Pensei nesta medida tanto da perspectiva dos senhorios, como dos inquilinos. Acho que nenhum lado ganhou muito com esta medida. Tenho familiares que têm fracções para arrendar. Dois anos é o tempo que têm de esperar para aumentar a renda, mas se o mercado de rendas estiver a aumentar, esperar dois, três ou quatro anos será igual. Vão ter de aumentar na mesma. Qual o grupo que o Governo está a tentar ajudar? De acordo com agentes imobiliários, as leis do Governo favorecem sempre o inquilino. Os inquilinos têm medo de aumentos de renda, enquanto que os senhorios, se tiverem problemas com um inquilino, não têm muito a fazer. Se mandar uma carta registada, a pessoas pode recusar-se assinar ou fingir que não estão em casa.

Se tiver menos de três meses de aviso, então o inquilino pode permanecer no apartamento para sempre. Qual é a protecção do lado do senhorio? Esses são os assuntos que devem ser alterados, em vez das medidas que o Governo quer implementar e que podem complicar ainda mais o processo. Não me parece que estas medidas sejam eficazes e podem mesmo reduzir a oferta de apartamentos para arrendar. O rendimento das rendas em comparação com o preço da casa é tão baixo, um ou dois por cento acumulado por um ano. Que tipo de investimento é este? Se depositar dinheiro em dólares da Nova Zelândia, ou renminbi, tenho taxas de juro maiores. Porquê arrendar? Se não o fizer tenho um apartamento novo para quem o quiser comprar e posso vender a qualquer altura. Se posso ganhar 20 ou 30 por cento e vender logo, para quê arrendar?

Não há em Macau uma política de controlo de rendas e deixa-se o mercado regular os preços livremente. Isso não é contrário à natural missão de um Governo num regime socialista?

Sou a favor do capitalismo. Não é assim tão surpreendente esta aparente contradição. Se pensarmos na qualidade de vida, não estou a falar de uma vida luxuosa, por exemplo, um apartamento no One Oasis custa mais de 10 milhões de patacas. Eu sou professora de finanças. Nós nunca queremos meter o dinheiro debaixo da almofada. Tendo em conta aquele preço, preciso dar uma entrada de 50 por cento, o que representa cinco milhões de patacas debaixo da almofada. Nem pensar. Como vou comprar essa casa? Isso leva a que muitas pessoas vivam amontoadas num apartamento. Este é um problema que devia ter mais acção do Governo e aí voltamos à conversa da intervenção de um Governo mais socialista. Mas Macau nunca foi assim. Não estou a dizer que não devemos ter uma abordagem mais socialista, mas não me parece que estejamos preparados, pelo menos a curto prazo.

Por exemplo, em alguns países europeus o Governo tem algum controlo em zonas chave da economia.

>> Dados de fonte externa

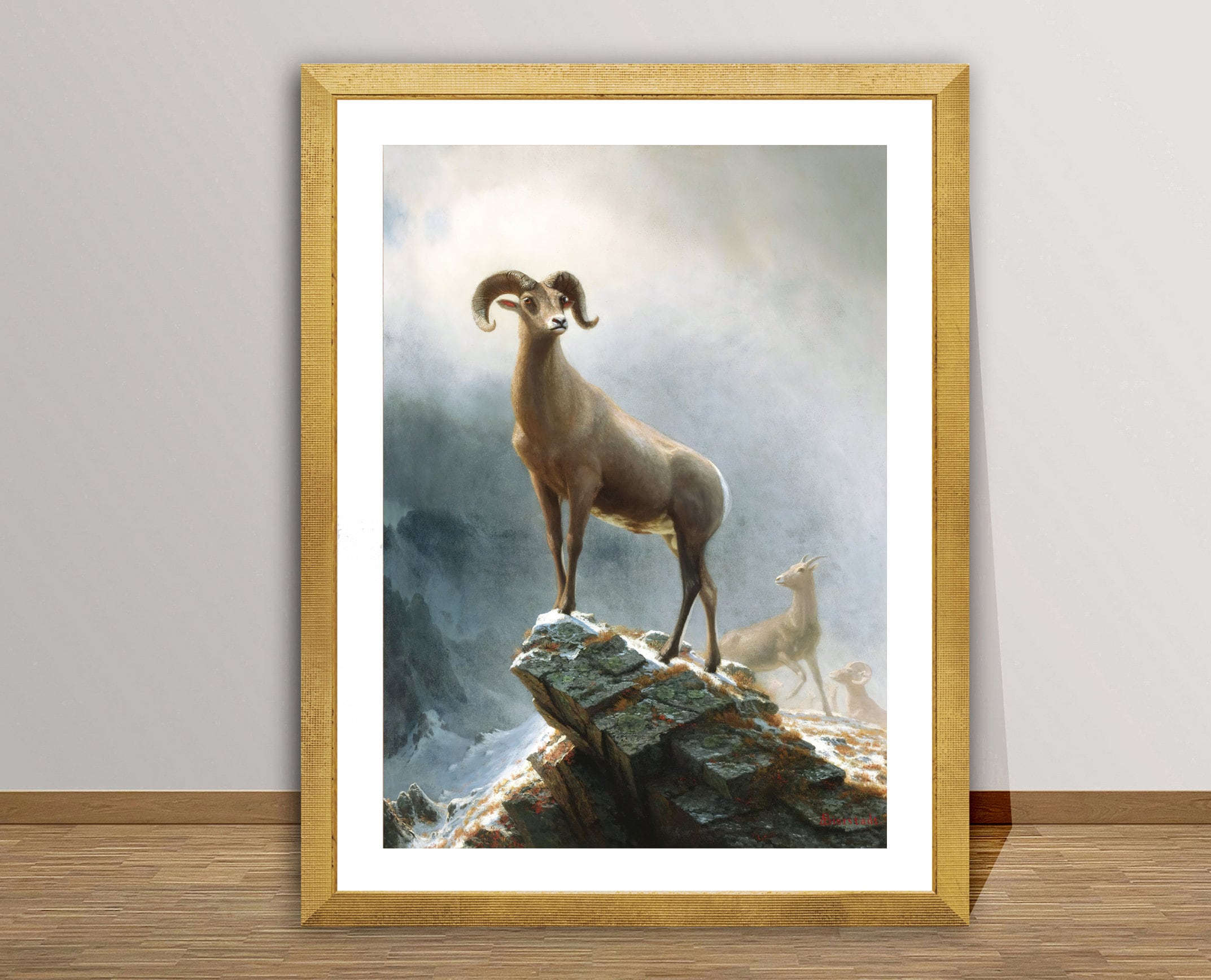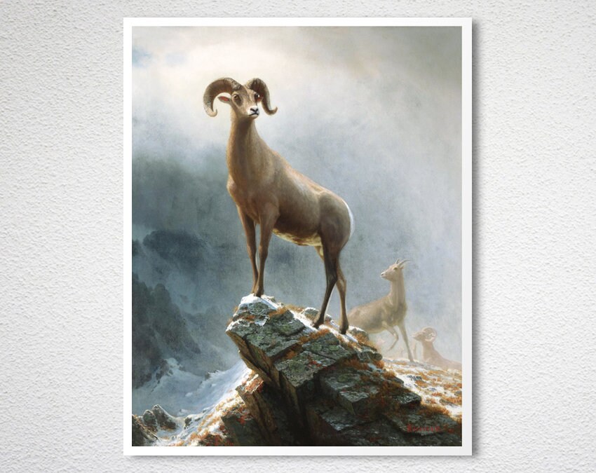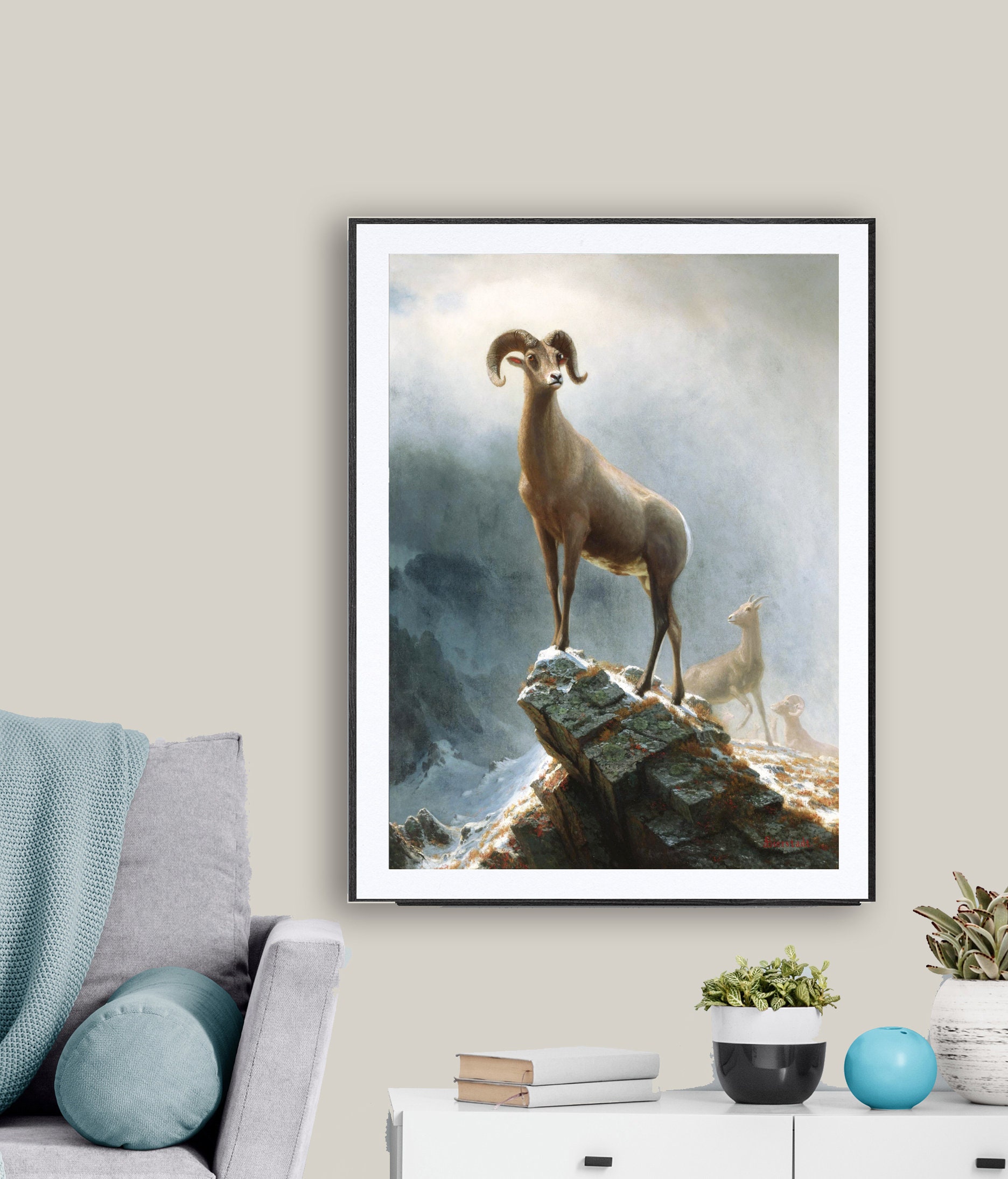 Rocky Mountain, Big Horn Sheep by Albert Bierstadt Fine Art Print - Poster Paper or Canvas Print / Gift Idea / Wall Decor

Algo que não acontece aqui.

Agradeço a influência de Portugal porque ajudou Macau a ser o que é hoje em dia. Como alguém de Macau, dou graças a Deus por essa influência. Nós tivemos a oportunidade de respirar ares diferentes. Sem dúvida que a economia chinesa cresceu a um ritmo fenomenal, mas se recuarmos aos anos 80 era péssimo. Nessa altura era um alívio ser de Macau. Acho que agora Macau está óptimo porque o Governo Central não nos quer controlar de uma forma muito apertada, querem que tenhamos a nossa liberdade. É algo que me agrada porque estamos tão habituados aos tempos passados. Viemos de um modo de vida tão livre que é difícil ir na direcção oposta.

Os nossos professores estrangeiros ficam sempre tão surpreendidos com os impostos que se pagam aqui. As pessoas de Macau estão habituadas a ter tanto que por vezes não conseguem ver aquilo que os Governos têm feito. O Governo precisa de melhorar em muitos aspectos, por exemplo na cidade inteligente. Não me digam que estão a trabalhar numa cidade inteligente quando só querem instalar uma data center para o Governo e não para a cidade inteira. O Governo mostra tanta atenção àquilo que a população prefere, têm tantas consultas públicas, ouvem tantas opiniões, mesmo em assuntos em que precisa agir rapidamente.